Above all, the king let them preach. This was key: Augustine had in mind more
than the conversion of a king: he wanted to set up an English church on the Roman
model, with ties to the pope and a clear hierarchy. Successful in his work of
evangelization, he divided England into territorial units (dioceses) headed by an
archbishop and bishops. Augustine himself became the first archbishop of
Canterbury. There he set up the model English ecclesiastical complex: a cathedral, a
monastery, and a school to train young clerics.
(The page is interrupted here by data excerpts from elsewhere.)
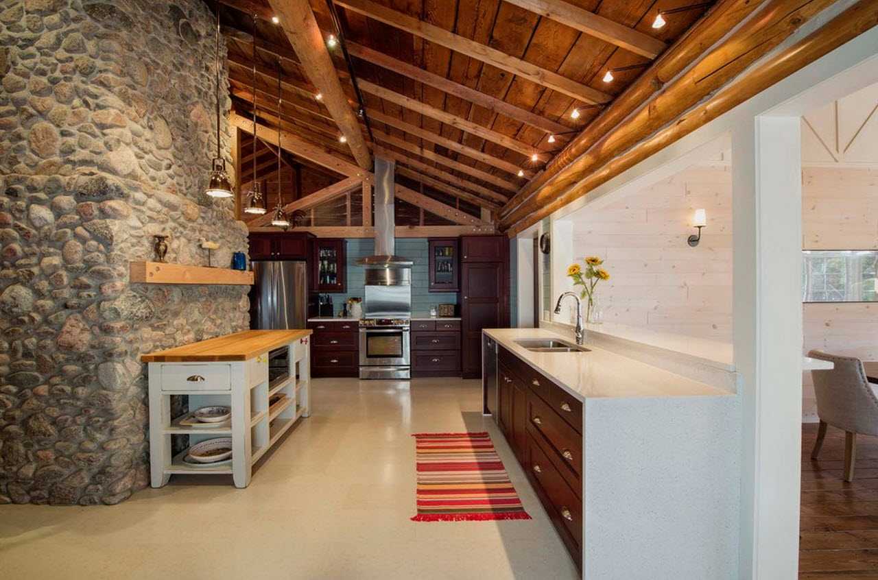 Горная хижина вдохновила дизайнеров на создание этой кухни с каменными стенами (от Montana Reclaimed Lumber).
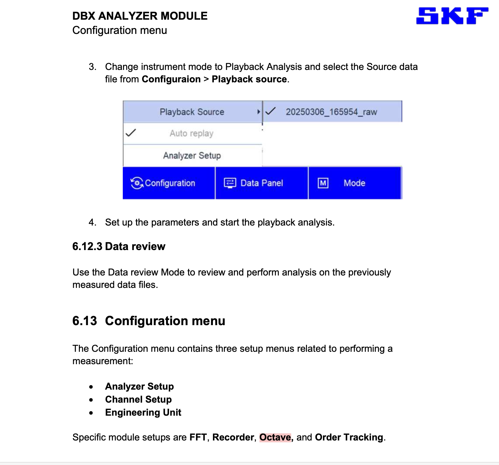 Dear SKF Microlog dBX user, unfortunately this is a typo in the user manual and document will be amended. The Microlog dBX does not have a specific module for Octave analysis at the moment. I trust this answers your question.
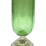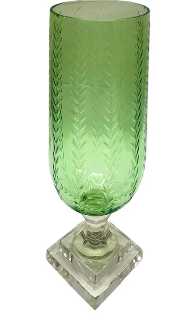 Uncover a unique, artisanal hurricane adorned with a breathtaking leaf motif, crafted from light green mouth-blown glass.
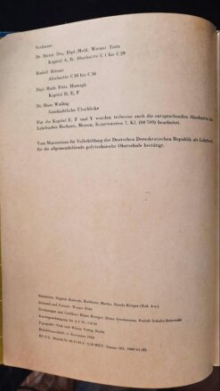 Bemerkung: Für die Kapitel E, F und Y wurden teilweise auch die entsprechenden Abschnitte des Lehrbuches Rechnen, Messen, Konstruieren 7. Kl. (00 709) bearbeitet. Vom Ministerium für Volksbildung der Deutschen Demokratischen Republik als Lehrbuch für die allgemeinbildende polytechnische Oberschule bestätigt. Einband und Vorsatz: Werner Fahr. Typografie: Volk und Wissen Verlag Berlin.
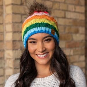 Multi colored rainbow stripe printed knit beanie with a warm fleece lining and a faux fur pompom. Makes a great gift!
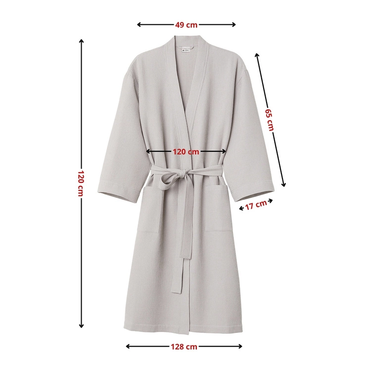 - Stylowy i praktyczny szlafrok unisex w eleganckim szarym odcieniu, wykonany ze 100% bawełny o strukturze waflowej (gofer). Lekki, oddychający i komfortowy – idealny po kąpieli, w domowym zaciszu czy na wyjazdy.
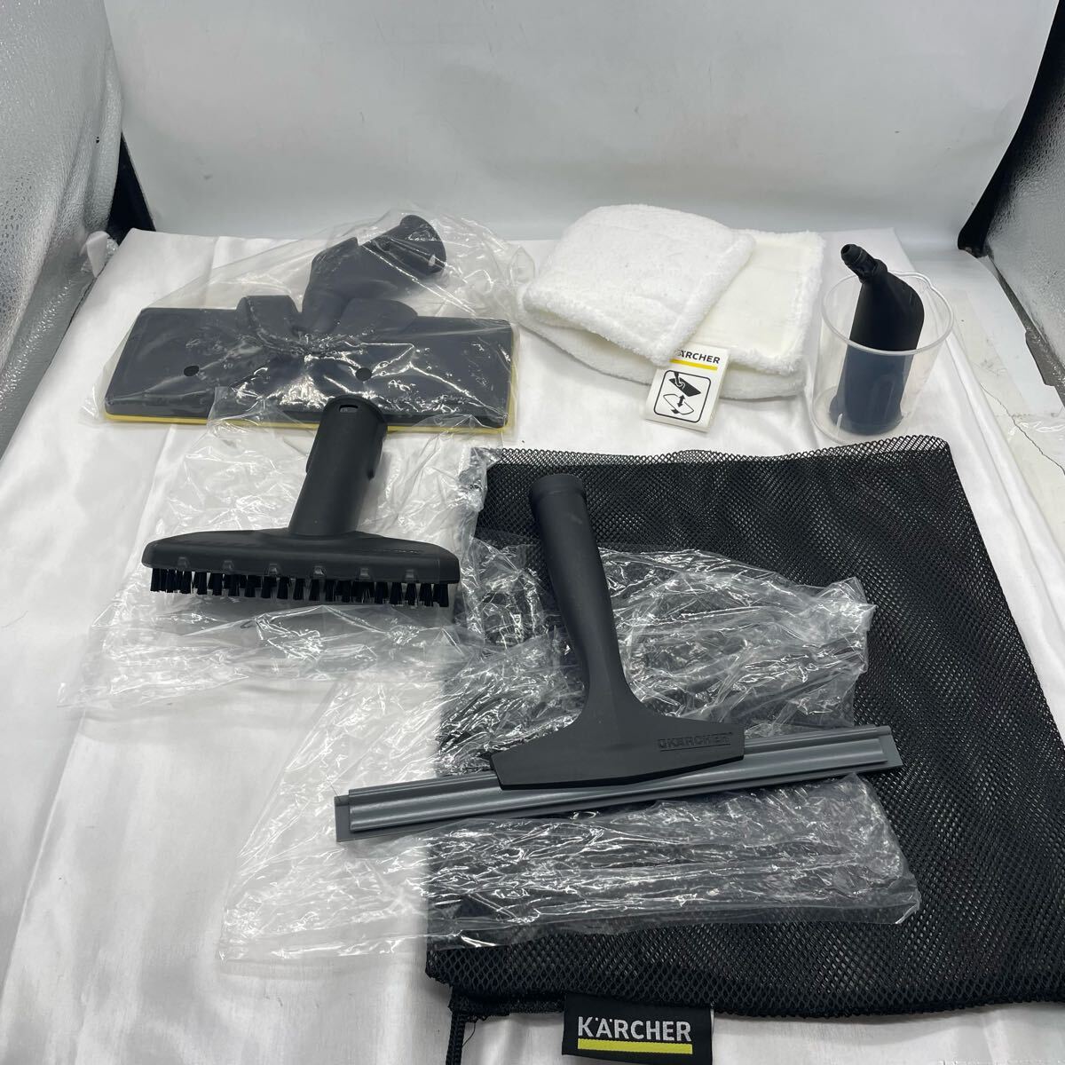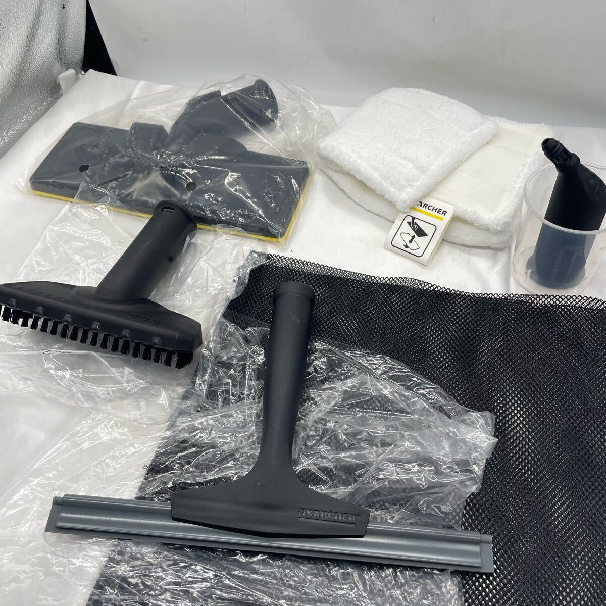・付属品も写真の通り多数そろっています(ノズル、ブラシ、スチームモップ、パッド、スクイージーなど)

There was nothing easy or quick about the conversion of England to the Roman
brand of Christianity. Christian traditions there clashed over matters as large as the
organization of the church and as seemingly small as the date of Easter. Everyone
agreed that they could not be saved unless they observed the day of Christ’s
Resurrection properly and on the right date. But what was the right date? Each side
was wedded to its own view. A turning point came at the Synod of Whitby, organized
in 664 by the Northumbrian King Oswy to decide between the Roman and Irish
dates. When Oswy became convinced that Rome spoke with the very voice of Saint
Peter, the heavenly doorkeeper, he opted for the Roman calculation of the date and
embraced the Roman church as a whole.
The pull of Rome—the symbol, in the new view, of the Christian religion itself—
was almost physical. In the wake of Whitby, Benedict Biscop, a Northumbrian
aristocrat-turned-abbot and founder of two important English monasteries,
Wearmouth and Jarrow, made numerous arduous trips to Rome. He brought back
books, saints’ relics, liturgical vestments, and even a cantor to teach his monks the
proper melodies in a time before written musical notation existed. A century later, the
Anglo-Saxon monk Wynfrith changed his name to the more Roman-sounding
Boniface (672/675–754) after he went to Rome to get a commission from Pope
Gregory II (715–731) to preach the Word to people living east of the Rhine. Though
they were already Christian, their brand of Christianity was not Roman enough for
Saint Boniface.
As Roman culture confronted Anglo-Saxon, the results were particularly eclectic.
This is best seen in the visual arts. The Anglo-Saxons, like other barbarian (and,
indeed, Celtic) tribes, had artistic traditions particularly well suited to adorning flat
surfaces. Belt buckles, helmet nose-pieces, brooches, and other sorts of jewelry of
the rich were embellished with semi-precious stones and enlivened with decorative
patterns, often made up of intertwining snake-like animals. A particularly fine
example is a buckle from Sutton Hoo (see Plate 2.4), perhaps the greatest
archaeological find from the Anglo-Saxon period.